The cover of one of my books*
I have three antidepressant pills left. I should have organised my repeat prescription a week ago. But that’s another mountain to climb. You’re not allowed to phone the doctor for repeat prescriptions. But I live five miles away from the surgery, I don’t drive, the bus is a mile and a half away, infrequent, and a whole social challenge of its own. I could post my prescription, but the post box is further away than the bus. The post office to buy the stamp is further still. And I haven’t mentioned the problems I have with posting things. It’s some kind of autistic issue. An executive function issue, the crippling problem with communication. That old thing. But I can’t phone for the prescription because even if I explain that I am autistic, I have problems with executive function, I don’t drive, it won’t be enough. Explaining will be excruciating; and I’d have to explain every time I phoned. Using the phone is an excruciating experience in itself.

I have three days of antidepressants left, and yet again I’m going to have to rely on a family member with their own crippling problems to sort it out for me; to physically drop off the prescription and then pick it up in a few days. I’m going to run out of tablets. I’ll feel this crush of anxiety and depression even more strongly, and sorting out the problem will become even harder. Taking the walks which help me feel less depressed will be harder. It will be harder to make the decision to get out of bed, to switch on a light, to speak, let alone to organise the impossible task of getting the prescription I need.

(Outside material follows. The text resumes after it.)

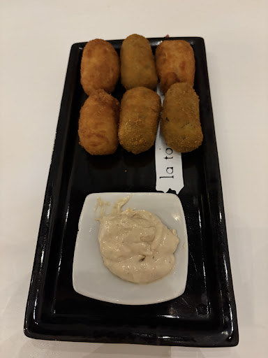 The food is truly awful. We started with baked fresh cheese, which was hard and tasteless and served with a sweet jam. The croquettes came next, dry with almost no flavour, and served with a sweet fruit mayonnaise that was like strawberry yogurt, disgusting.
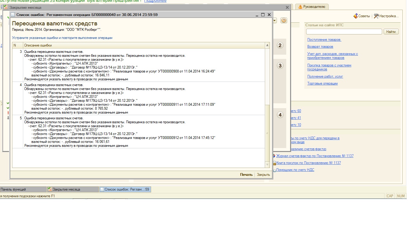 Закрытие месяца - проблемы с пунктом Переоценка валютных средств

This is being an autistic adult, a woman with a Masters degree, a writer of novels, a woman who is bringing up three beautiful children, who can be eloquent and persuasive and can turn her hand to many things. It is running out of antidepressants, because communication is so damn hard.


* re the photo. I don't have the wherewithal today to search for representative photos, creative commons rights, and so on. Nor to work out how to write this as a picture caption that doesn't mess up the formatting of the entire post. So this is the cover of one of my novels, instead. It's a good book. It's available on Amazon.